We also performed smooth muscle actin (SMA) IHC and detected a highly condensed layer of SMA-positive stroma in the prostate of “wild-type”, Runx2-cTg and Cre+;Ptenp/+ knockout mice (Figure 2D, column 1-3), which is recognized as a natural barrier against the invasion of tumor cells into the adjacent stromal tissue. In contrast, we observed much loosened layers of SMA-positive stroma surrounding malignant epithelial cells in the prostate of Cre+;Runx2-cTg;Ptenp/+ double mutant mice (Figure 2D, column 4), an observation similar to that in prostate tumors in Pten homozygous knockout mice (Cre+;Ptenp/p) (Figure 2D, column 5). Additionally, invasive adenocarcinoma often induces a desmoplastic response, in which collagenous material is diffusely distributed in the surrounding stromal tissue. We performed Masson's trichrome staining that marks keratin and muscle fibers in red and collagen in blue. We detected a relatively condensed layer of collagen surrounding the stroma in the prostate of “wild-type”, Runx2-cTg and Cre+;Ptenp/+ mice (Figure 2D, column 1-3). On the contrary, we found the existence of multiple layers of collagen (blue) integrated with layers of small muscle fibers (pink) in the prostate of Cre+;Runx2-cTg;Ptenp/+ mice (Figure 2D, column 4). The result was also similar to the observation in Pten homozygous knockout (Cre+;Ptenp/p) prostate tumors (Figure 2D, column 5). Thus, similar to the effect of Pten homozygous deletion, Runx2-cTg in combination with Pten heterozygous deletion can induce tumor microenvironment alterations such as extracellular matrix remodeling and aberrant collagen synthesis and deposit, an aggressive phenotype similarly seen in other genetically engineered mouse models such as Pten homozygous deletion mice.

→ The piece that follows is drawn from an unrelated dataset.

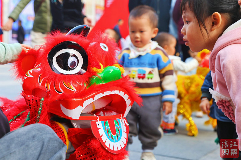 臺(tái)上,兩只金峰雄獅跟著鼓聲節(jié)奏,不時(shí)做著搖頭、眨眼等動(dòng)作,舞出非遺新風(fēng)采。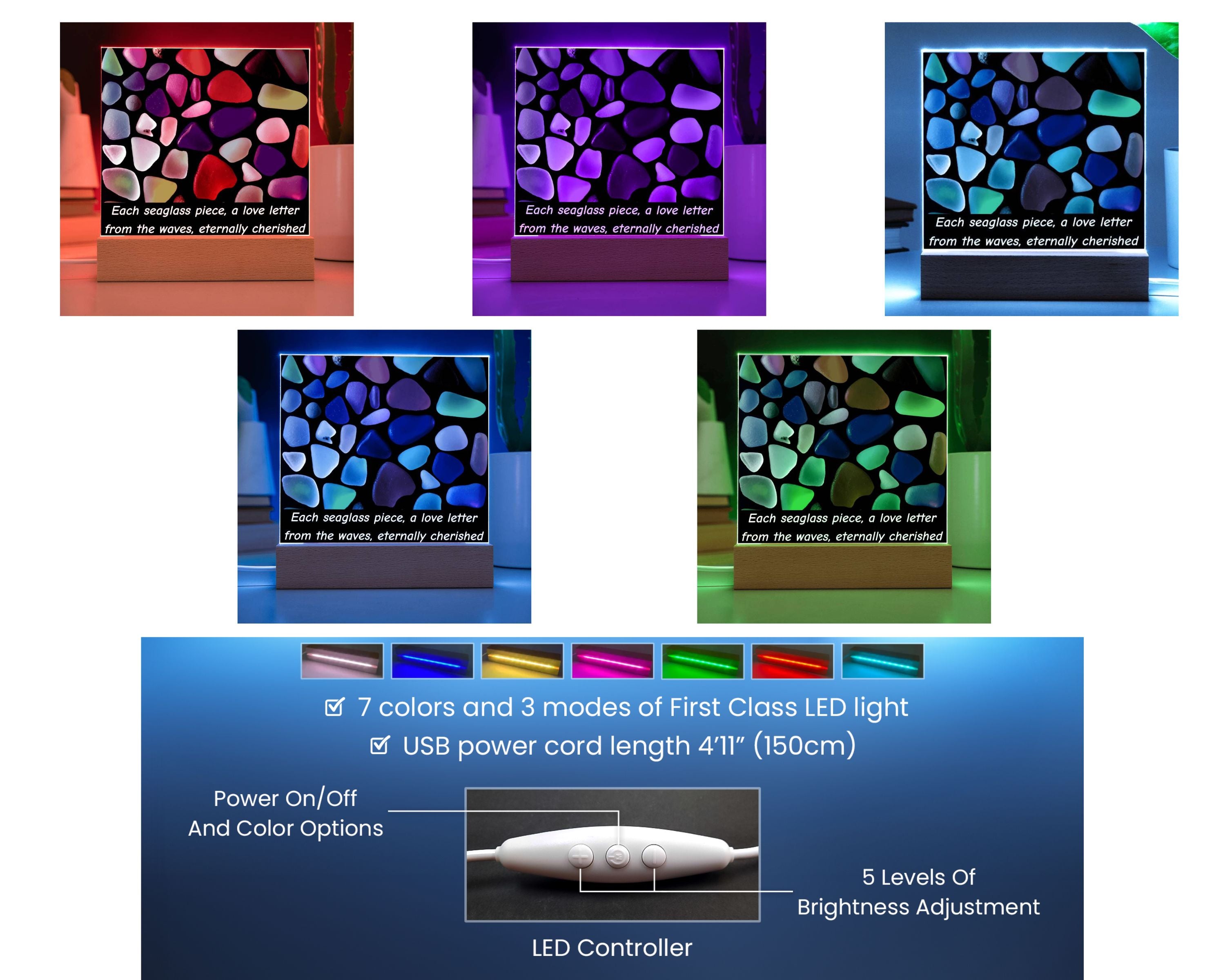Create a memorable presentation when you upgrade to the LED wooden base with 7 colors,3 modes, and a USB plug-in!

To better understand molecular mechanisms driving HGPIN formation in Runx2-Pten mice at 8 months of age, we first examined cell proliferation. RUNX2 is known to regulate endothelial cell cycle progression . In addition, we and others have demonstrated that RUNX2 is highly expressed in the rapidly proliferative, PTEN-negative PC-3 human PCa cell line [9, 13]. Not surprisingly, siRNA-mediated knockdown of endogenous RUNX2 decreased PC-3 cell proliferation compared to those transfected with control siRNAs (Figure 3A). To further explore cell proliferation in the mouse model, IHC for Ki-67, a cell proliferation marker, was performed on mouse prostate tissues (Figure 3B). The number of Ki-67-positive cells was significantly increased in the prostates of Pten heterozygous mice compared to “wild-type” littermate controls, and this effect was further enhanced by concomitant Runx2 overexpression in Runx2-Pten mice (Figure 3B, 3C). In agreement with the histological characterization (Figure 2), Runx2 overexpression alone in Runx2 transgenic mice did not significantly increase Ki-67-positive cells. Thus, in addition to the established role of Runx2 in PCa cell invasion and migration [9, 13], our data highlights that Runx2 plays an important role in proliferation of both PTEN-negative PCa cells in culture and in the mouse prostate with reduced expression of Pten. IHC analysis of expression of cleaved caspase 3, a marker of apoptosis showed no overt alteration in the number of apoptotic cells among all groups of mice examined in 8 months of age (Figure 3D). As a positive control, positive staining of cleaved caspase 3 was detected in Pten homozygous knockout prostate tumors in castrated mice (Figure 3D), which is consistent with the previous report . Together, these data support the notion that cell proliferation is a major contributor to prostate tumorigenesis induced by partial loss of PTEN and RUNX2 overexpression.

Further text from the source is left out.